November 6, 2003
BUILD & BOLT:
Fenced in (Yossi Klein Halevi, November 6, 2003, Israeli Insider)
The main objection to the fence, which is scheduled for completion in 2005, is that it doesn't adhere to the pre-1967 green line but deviates "deep" into the West Bank. In fact, at most points, the fence either winds close to the green line or extends several miles over it without compromising Palestinian territorial contiguity - hardly the massive land grab warned against by opponents. So far, 108 miles of fence have been completed in the northwestern part of the West Bank, and about 1.5 percent of the West Bank has been incorporated into the Israeli side. If the fence is eventually extended to include Ariel - a town of 18,000 residents, which the Camp David negotiations included within the eventual borders of Israel - it will protrude, finger-shaped, about 15 miles into the territories. Yet even then the fence will encompass only a few percentage points of the West Bank. (The highest figure I've encountered is 10 percent.) And, note Israeli officials, the fence can be moved or even dismantled.Still, that apologetic argument misses the point, which is that the fence must violate the green line. Building the fence on the 1967 border would play into the Palestinian strategy by creating the outlines of a de facto Palestinian state in all of the West Bank, without requiring the Palestinians to cease terrorism or genuinely recognize Israel. Building over the green line, by contrast, reminds Palestinians that every time they've rejected compromise - whether in 1937, 1947, or 2000 - the potential map of Palestine shrinks. That message is the exact opposite of the left-wing trajectory of increased concessions under fire - from Camp David to Taba to Geneva. The fence is a warning: If Palestinians don't stop terrorism and forfeit their dream of destroying Israel, Israel may impose its own map on them. Indeed, the fence is a reminder that the 1967 border isn't sacrosanct. Legally, the West Bank is extraterritorial: The international community didn't recognize Jordan's annexation, and, because Palestine isn't being restored but invented, its borders are negotiable.

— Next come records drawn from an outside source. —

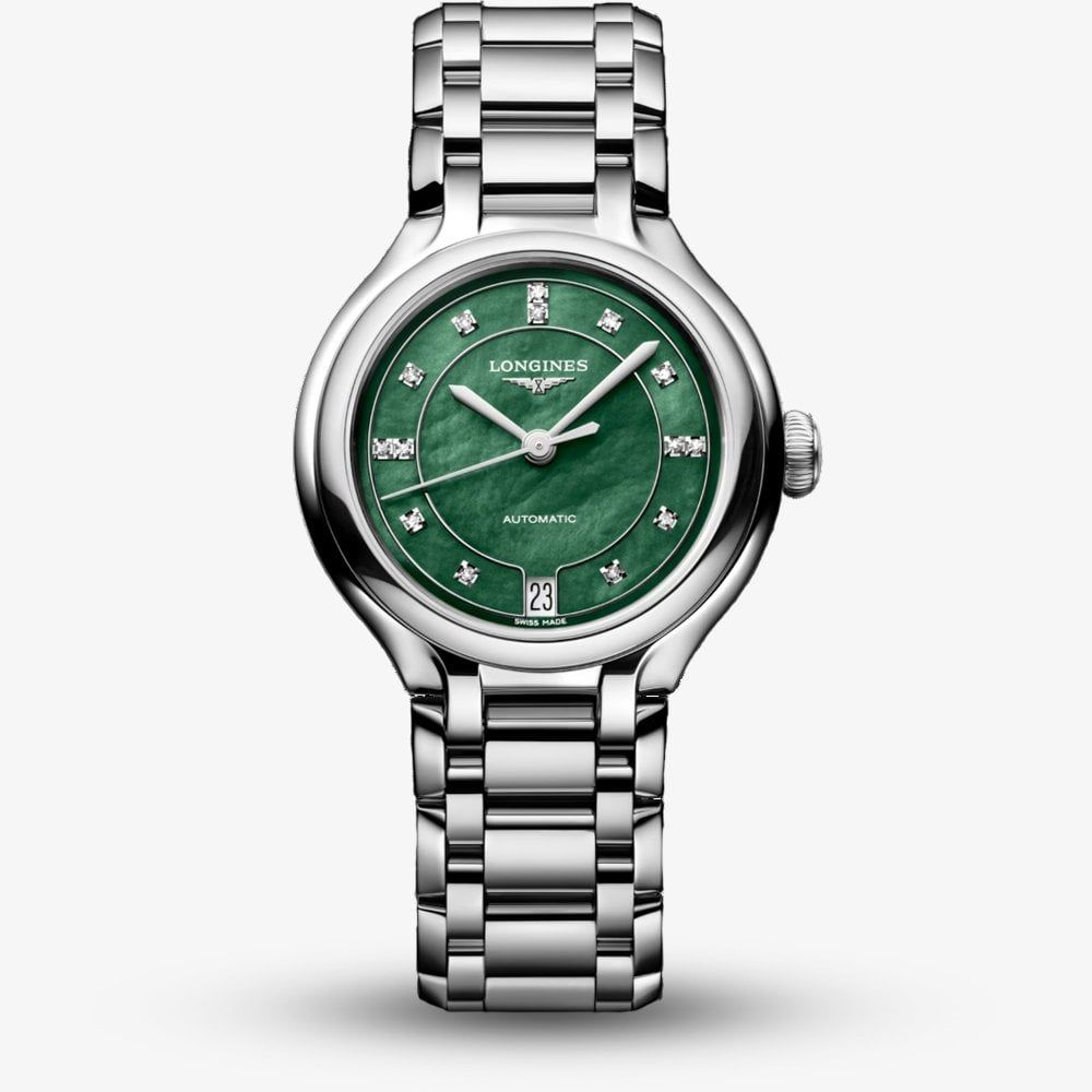 Designed for women who appreciate refined luxury with a contemporary twist. This timepiece features a captivating green mother-of-pearl dial. The silver-tone stainless steel case and bracelet offer a polished, modern profile that enhances the delicate profile of the watch. Diamond-style indexes add subtle sparkle, while sleek silver hands glide effortlessly across the dial. Powered by a precise Swiss quartz movement, this luxurious watch ensures reliable timekeeping wrapped in undeniable elegance.
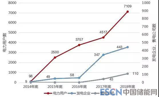 在開(kāi)放的市場(chǎng)環(huán)境下,截至2018年12月底,共7662家市場(chǎng)主體完成市場(chǎng)準(zhǔn)入。電廠(chǎng)方面,共 443家電廠(chǎng)完成市場(chǎng)準(zhǔn)入,其中,水電202家,風(fēng)電153 家,光伏77 家,火電11 家,合計(jì)裝機(jī)7366.4萬(wàn)千瓦;用戶(hù)方面,共7109家電力用戶(hù)完成市場(chǎng)準(zhǔn)入;售電公司方面,共110家售電公司完成市場(chǎng)準(zhǔn)入。
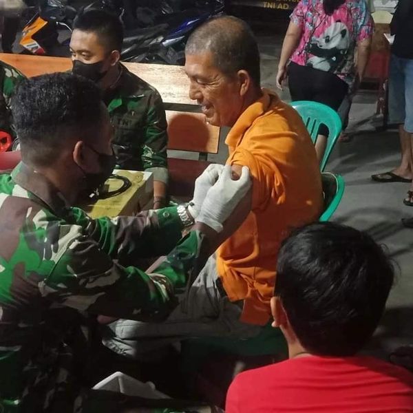 Sambas – Tim Vaksinator Mobile TNI yang terdiri dari Anggota Kesehatan Yonif 645/Gty dan Anggota Kodim 1208/Sambas, melaksanakan kegiatan vaksinasi di wilayah Kab. Sambas, Selasa Malam (12-04-22)
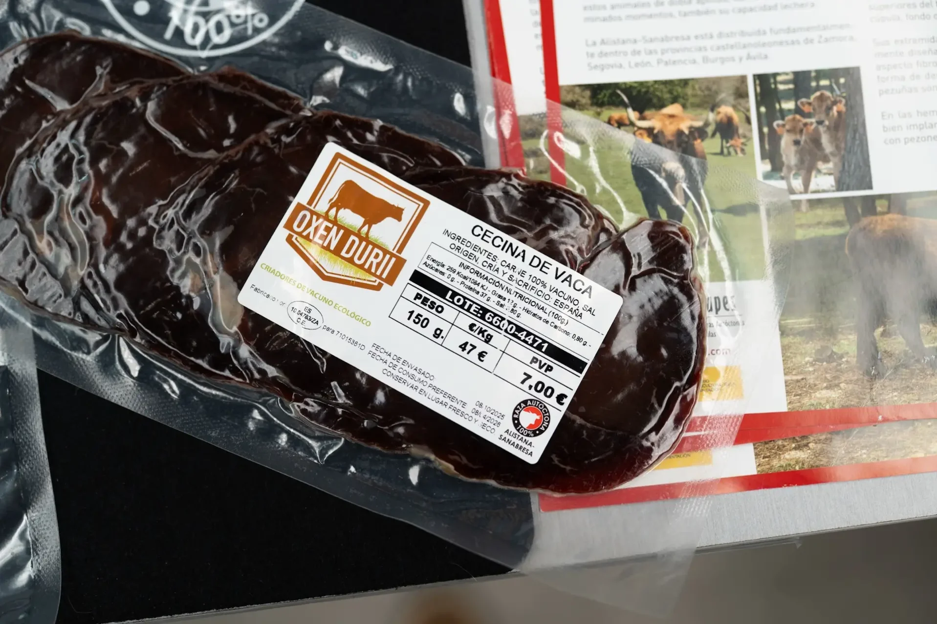 «Nosotros también le metemos como un 20% de cerdo para darle un poquito más de suavidad y que sea algo duradero. Si lo hiciésemos solo con vacuno, se seca antes, es más magro y tiene un sabor más intenso, teniendo en cuenta que la raza alistana ya tiene un sabor intenso de por sí», recalca el responsable de Oxen Durii, que se lanzó a la aventura empresarial de la mano de este tipo de ganado: «Mira, esta cecina es de un toro de once años», añade Alejandro López, que admite que algunas de sus propuestas están «todavía en el proceso de I+D». Es decir, en fase de optimización.
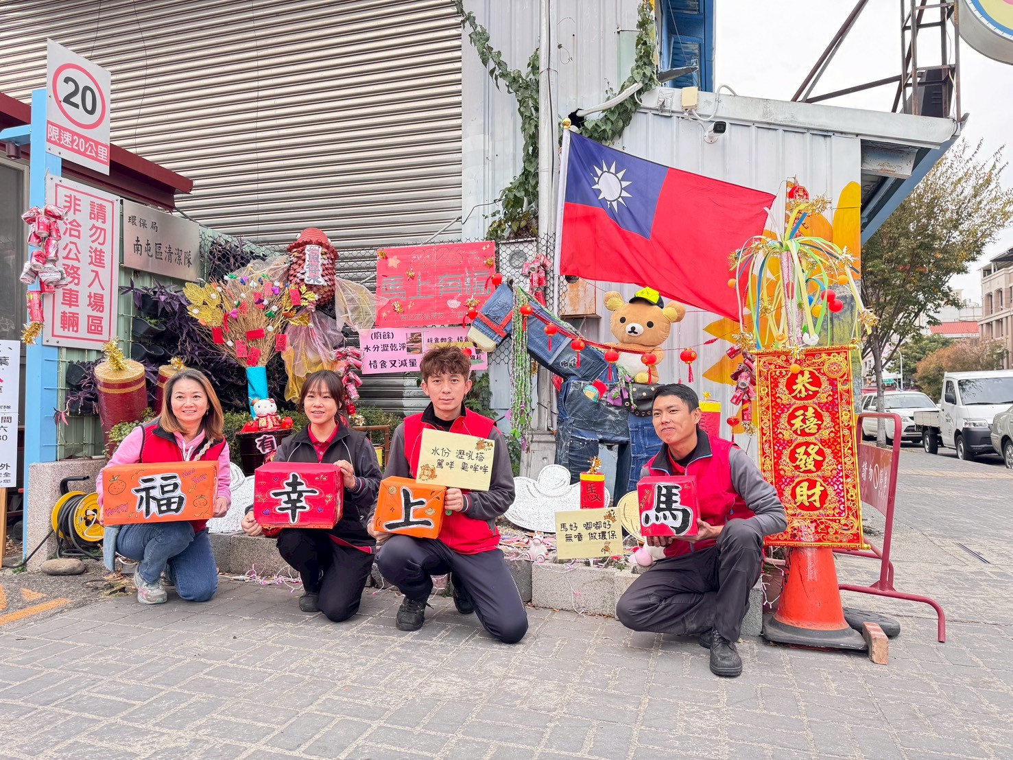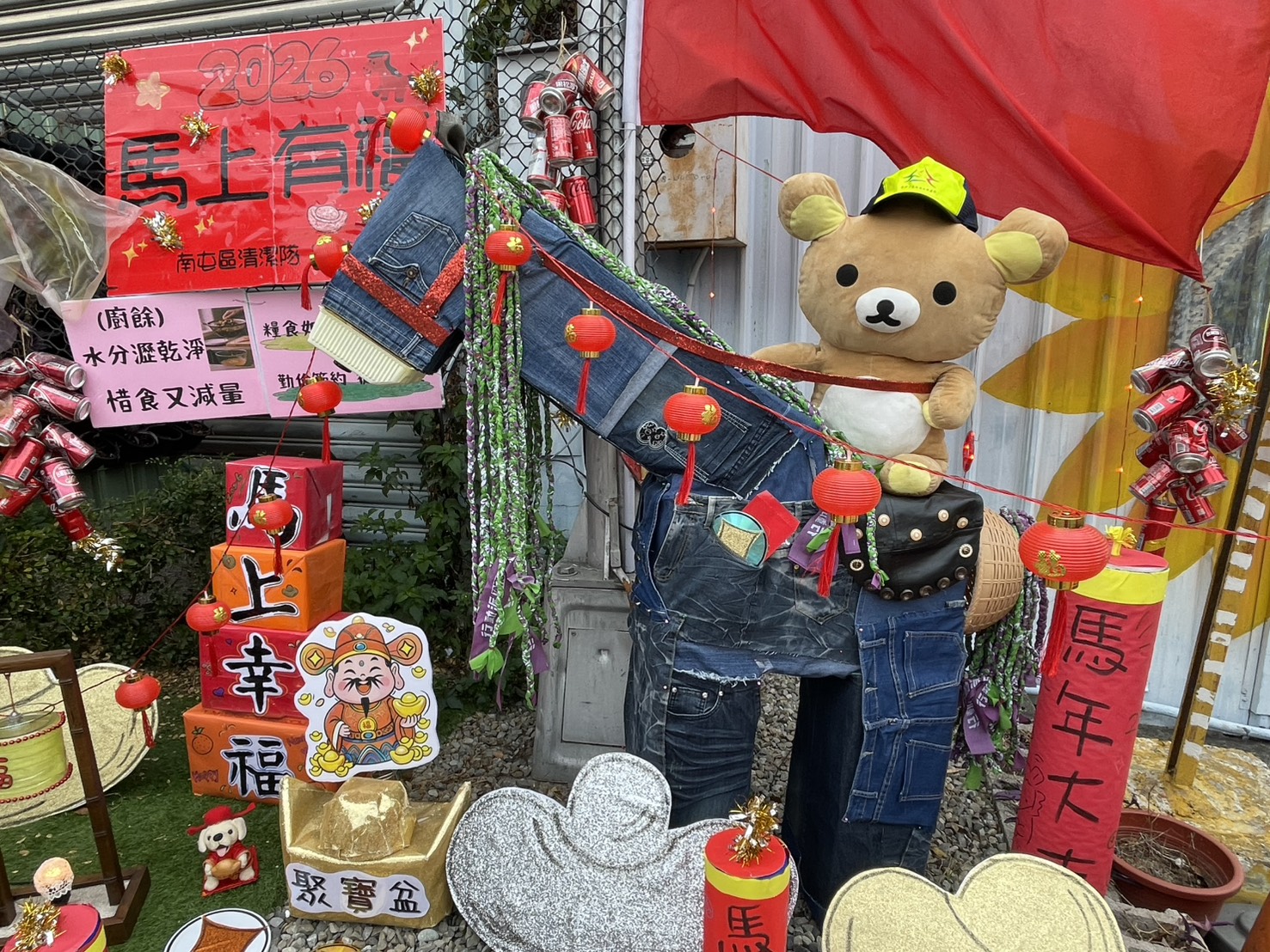 迎接馬年新氣象,台中市政府環境保護局南屯區清潔隊發揮巧思,在永春東路隊部門口打造充滿創意的春節裝置藝術「馬上幸福」。清潔隊員化身藝術家,利用回收紙箱打造馬身,更具巧思地將舊牛仔褲與廢棄選舉布旗裁剪拼貼成飄逸的馬鬃,拼組出栩栩如生的駿馬,展現資源回收再利用的無限可能。配合新春造景,南屯區清潔隊13031日和267日上午9時至12時,將舉辦「環保問答送好禮」活動,邀請民眾來觀賞答題拿好禮,共度綠色春節。

The only justification for withdrawal to the green line is pragmatism. Most Israelis would accept an approximate withdrawal to the 1967 borders in exchange for genuine Palestinian acceptance of Jewish sovereignty on this land. Reinstating the green line, then, would be a reward for peace, not war. But what we've learned in the decade since Oslo began is that "land for peace" was never an option. At best, Israel was being offered land for a cease-fire. And that is hardly justification for returning to the precarious 1967 lines.
That's especially true for Jerusalem. The Oslo negotiations left the fate of Jerusalem for last, assuming that the joint administering of this fragile city would require a level of trust between Palestinians and Israelis possible only after a prolonged process of reconciliation. Precisely the opposite has happened. Thanks, ironically, to Oslo, which subjected the Palestinians to a decade of Palestinian Authority propaganda glorifying hatred of Israel - in schools, mosques, and the media - Palestinians are far less prepared for peace than they were before Oslo. The result of Palestinian hatred and Israeli mistrust is that sharing the administration of Jerusalem has become untenable. Imagine the effect on the Jewish presence within the Old City today, for example, if Palestinian police were positioned on its walls. "Sharing" Jerusalem means dismembering it. A fence around Jerusalem, then, isn't only a buffer against suicidal terrorists but against suicidal blueprints.
The fence and what it encloses is largely beside the point, which is for Israel to disengage from Palestine ASAP. Posted by Orrin Judd at November 6, 2003 9:45 AM
During that decade of PA "rule", the Palestinian GDP has dropped by half, and most of the remainder is the dregs of foreign aid to the PA, after Arafat and his goons skim the cream.
Posted by: Michael Herdegen at November 6, 2003 12:03 PMMr. Herdegen;
What leaves me with little hope is that the Palestinians seem to prefer even that to making peace with Israel. That's what makes Golda Meier's quote so appropos even today.
Posted by: Annoying Old Guy at November 6, 2003 1:25 PMMr. Judd is exactly right. Israelis are too civilized to have a huge fraction of their male population devote part of their lives to, in effect, being prison guards in the West Bank and Gaza. Build a wall that protects the Jewish settlements just over the border but not the ones deep inside the West Bank and Gaza. (They can pay the settlers to leave, just as the 7,000 Jewish settlers in the Sinai were paid to leave when the Sinai was given back to Egypt.) Then let the Palestinians form a state and especially a military. A few Palestinian tanks and planes would serve as hostages -- the Palestinian generals would know they have no chance of beating Israel but that Israel can destroy their beloved military assets from long distance in response to terrorist attacks. This would give the Palestinian military the incentive to crack down on terrorists. Over a couple of generations, Israel's relationship with the West Bank would settle down to something similar to its current relationship with Jordan, which seems like the happiest possible ending in that unhappy part of the world.
Posted by: Steve Sailer at November 6, 2003 3:58 PMGood point, about the PA military. I hadn't thought of that.